The three-letter acronym, ESG (environmental, social, governance), seems to have infiltrated itself into the business agenda of many organizations today. This may partially be due to the growing push by regulators to make ESG reporting a requirement for public companies. ESG reporting is already mandatory for organizations in the UK and EU. The US is following closely behind with net zero targets announced by 2050 and the SEC has proposed climate disclosure reporting for listed companies by 2024. In fact, many organizations are currently anxiously awaiting the SEC to share their new disclosure rules which will require organizations to report on how their operations affect the climate and contribute to carbon emissions. Of course with new legislation, ESG has become a controversial topic with critics questioning the relevance of ESG in a capitalist economy while supporters view ESG as a way to combine financial returns with social good. Needless to say, whether an ally or a foe, ESG has evolved into a dominant topic for business leaders today.

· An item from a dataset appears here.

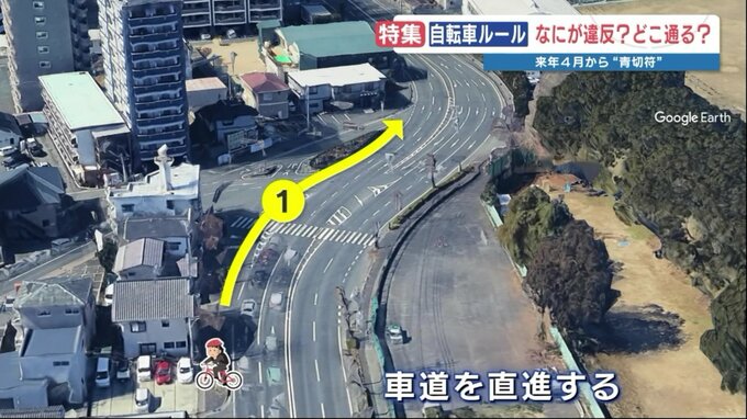 熊本県警察本部 交通企画課 山本貴廣課長補佐「左折矢印は、道路交通法第35条の『指定通行区分』という交通規制で、自転車はこの対象から除かれています。自転車は矢印に従わずに、左折レーンを直進することができます」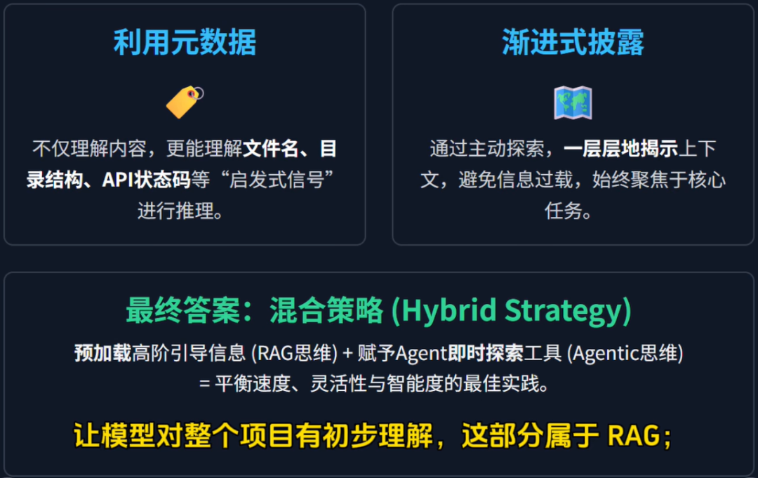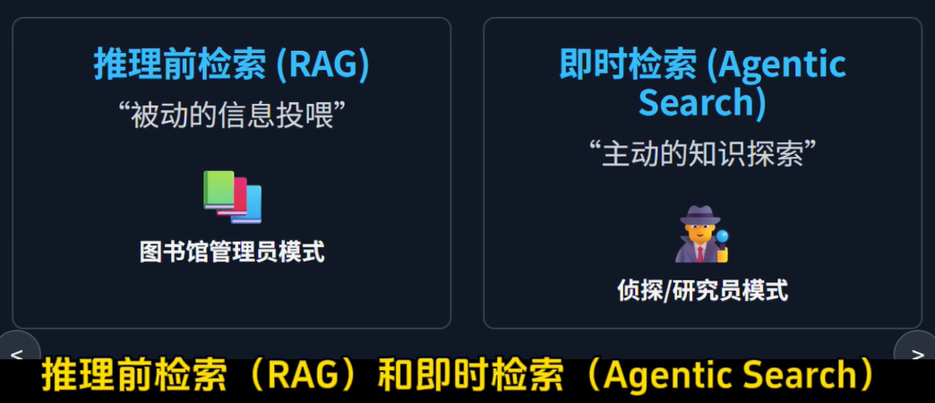 注:图片来源于B站up主:慢学AI的视频,名称为超越RAG的agentic search :从“被动投喂”到“主动探索”-Anthropic《AI Agent的高效上下文工程》,大家可以到B站搜索这个视频的详细讲解。

With the growing pressure to implement ESG programs from legislators, investors, and the business ecosystem (e.g media, consumers, stakeholders, customers) some business leaders are finding themselves having to prioritize their ESG efforts and make a business case for ESG. Unfortunately, while ESG may in theory sound promising, organizations taking a proactive stance to benefit society in the long-term by addressing climate change or issues like diversity or racial inequality, the insufficient amount of data to support ESG initiatives is a fundamental problem when formulating a business case. Coupled with the lack of data, there is also the issue of poor uniform reporting standards and metrics hindering evidence for return on investment (ROI). Currently, organizations and investors each define and measure ESG differently and as a result report ESG in different ways. Another complexity of ESG is that it is multi-dimensional and often interrelated with one another. This can become very confusing and difficult for businesses and investors to try and de-code to determine ESG’s ROI and overall benefits – - and costs. This often leads to ESG initiatives being seen exclusively as a cost or compliance obligation rather than a benefit or source of positive ROI for companies. Without global standardization and metrics, developing a business case for ESG is complex and, for some organizations, an insurmountable struggle.